Primary Supervisor: Professor Sarah Newbury, Professor of RNA Biology, Brighton and Sussex Medical School, University of Sussex
Second Supervisor: Professor Mark Smales, Professor of Industrial Biotechnology, School of Biosciences, University of Kent
Survival of cells and organisms in an external environment requires them to reprogramme their cellular pathways to adapt to these stress conditions. During severe stresses such as starvation, cells normally shut down protein synthesis and reduce cell proliferation so as to conserve energy while awaiting the return of normal conditions. In the industrial context, it would be of great economic advantage to be able to grow cells producing medically important proteins under nutrient-poor or nutrient-depleted conditions. We have recently discovered that depletion of the exoribonuclease DIS3L2, in Drosophila and human cells, greatly enhances their growth under starvation conditions and increases protein translation. These results provide the prospect of a novel solution to maximising production of bioactive proteins under nutrient-poor growth conditions. In addition, analysis of the novel stress resistance pathways controlled by DIS3L2 will have implications for understanding DIS3L2-related human diseases such as Wilms’ tumour.

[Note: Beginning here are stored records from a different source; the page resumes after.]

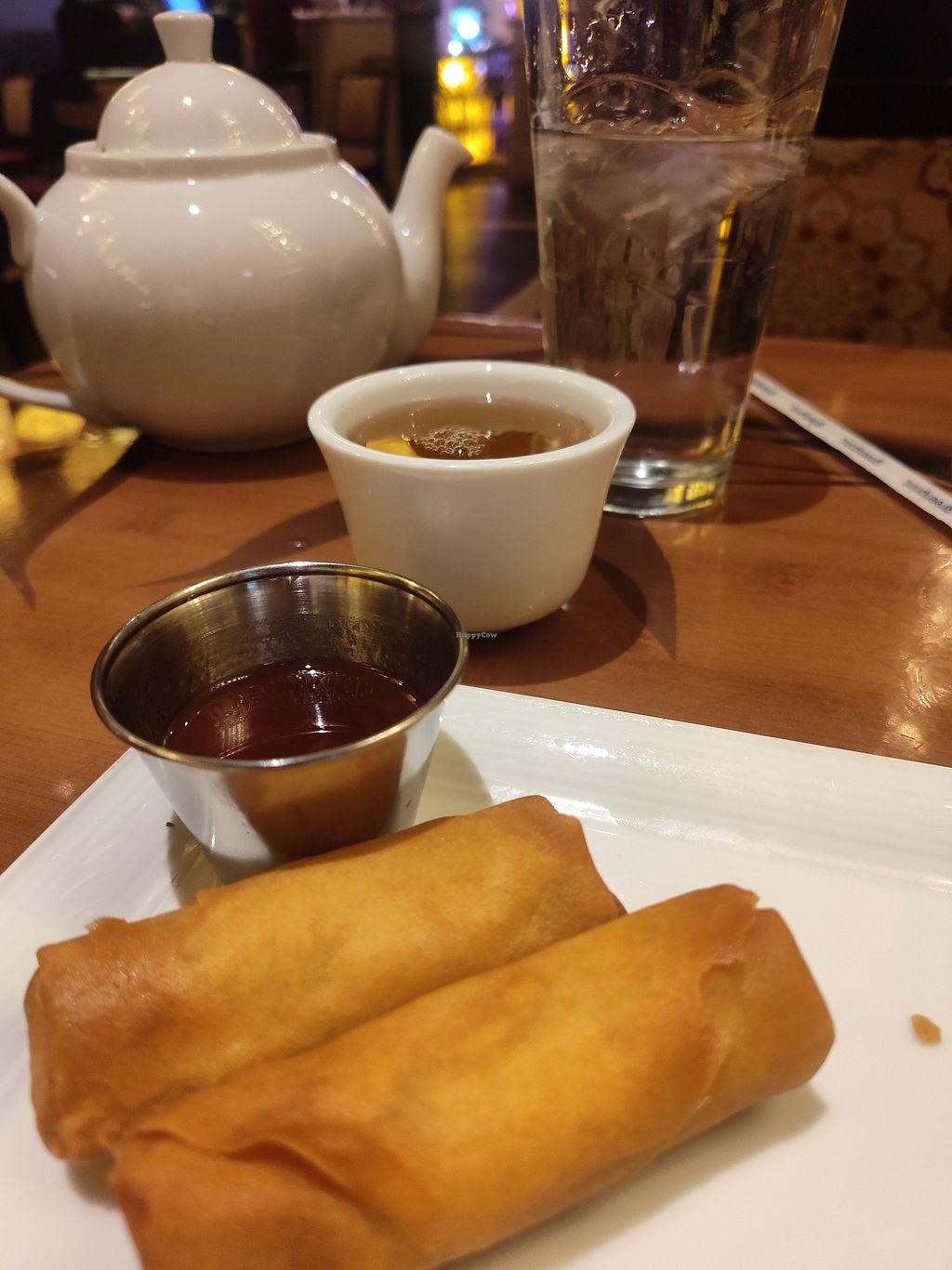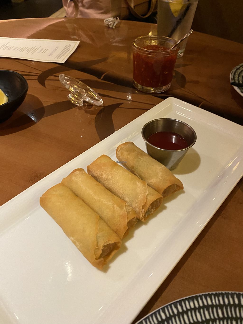 I had the vegan spring rolls, the mixed green salad with ginger dressing, and the cauliflower fried rice. The menu was clearly labeled with these vegan options (and a few more). The food arrived hot and relatively quickly, and portions were good. Eating vegan in Vegas can be a challenge and this meal was a welcome surprise.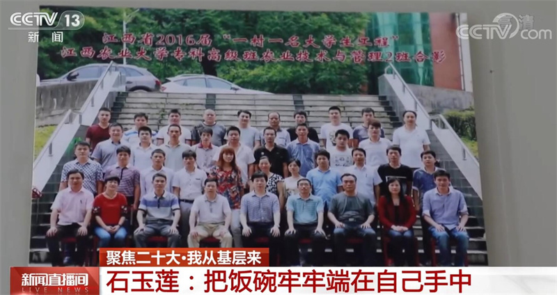 石玉莲来自江西唯一的多民族乡,是峡江县金坪民族乡南下村党支部副书记。2012年,38岁的她报名参加江西推行的“一村一名大学生”工程,来到江西农大学习三年,并顺利从农业技术与管理专业函授毕业。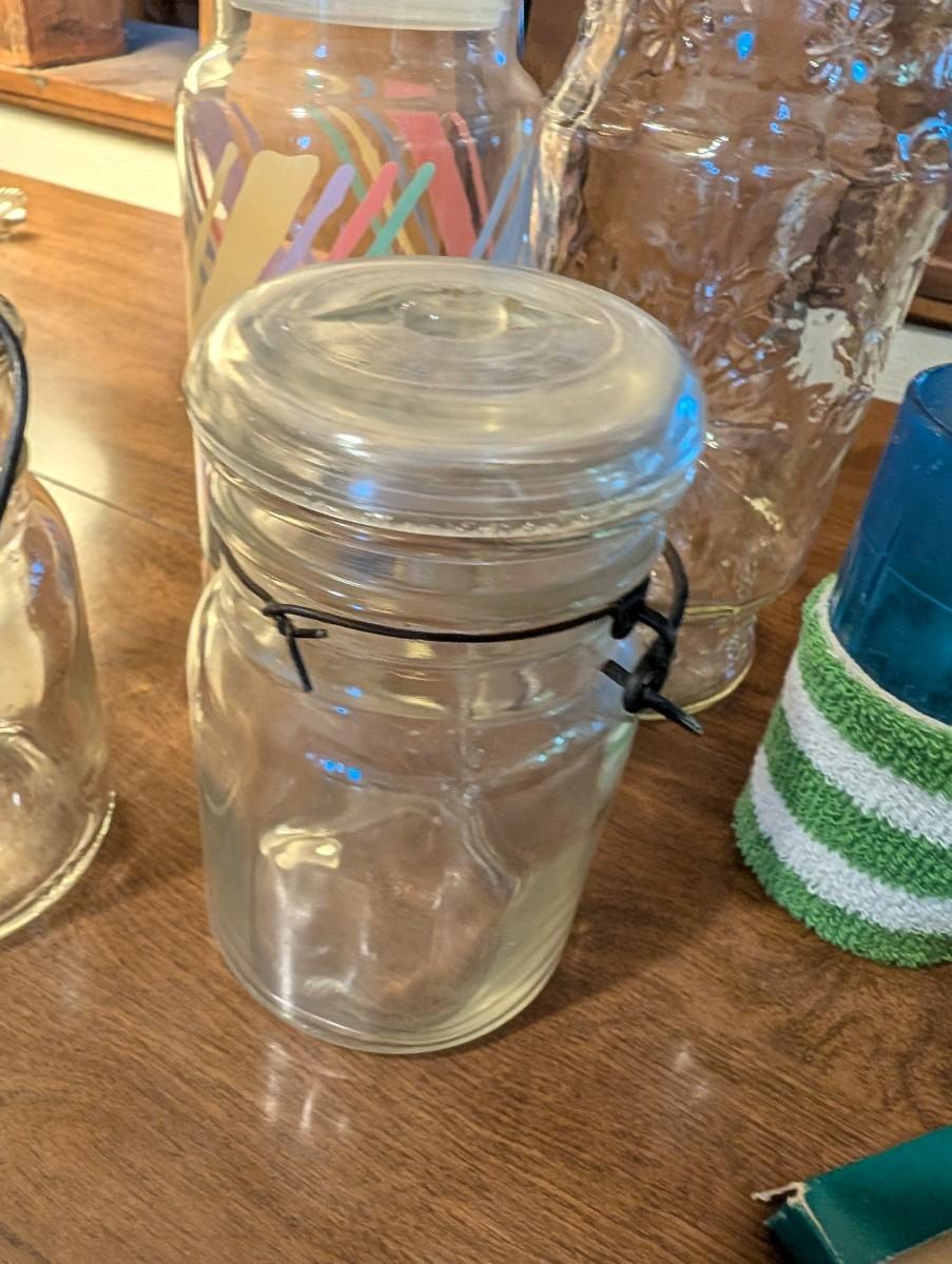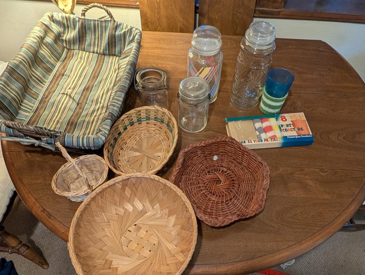 Large basket with jars, vintage party coasters, and other baskets.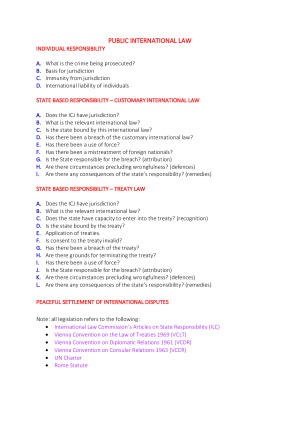 An easy to follow, step-by-step guide to answering final exam problem questions. Topics included are outlined in the first page of the preview. Broadly, topics include: Individual Responsibility State Based Responsibility - Customary International Law - Treaty Law Peaceful Settlement of International Disputes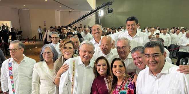 El mandatario estatal acudió el viernes a la ceremonia en la que el jefe del Ejecutivo federal pronunció su Quinto Informe de Gobierno, en un evento efectuado desde el estado de Campeche, mismo que fue la antesala del primer recorrido del Tren Maya, obra insigne de la Cuarta Transformación del país.

The aim of this project is to manipulate the expression levels of DIS3L2 in human cell lines to develop a novel cell line which can grow and produce bioactive proteins under nutrient-poor conditions. A range of human cell lines already being used for the production of medically important peptides/proteins (e.g. HEK293 cells) will be screened, firstly by DIS3L2 RNAi and then by CRISPR, to assess their proliferation under nutrient-deficient conditions. Protein production of relevant medically important proteins (e.g. the monoclonal antibody Trastuzumab) from the DIS3L2 mutant cells will also be assessed. To optimise translation in these cells, the student will analyse relevant cellular mechanisms using a range of approaches such as transcriptomic analyses, polysome profiling/ribo-seq, Western blotting and extracellular vesicle trafficking analyses. The project will lead to a new understanding of the cellular response to starvation from the perspective of RNA stability, which has general relevance to cellular metabolism, tissue growth and human disease.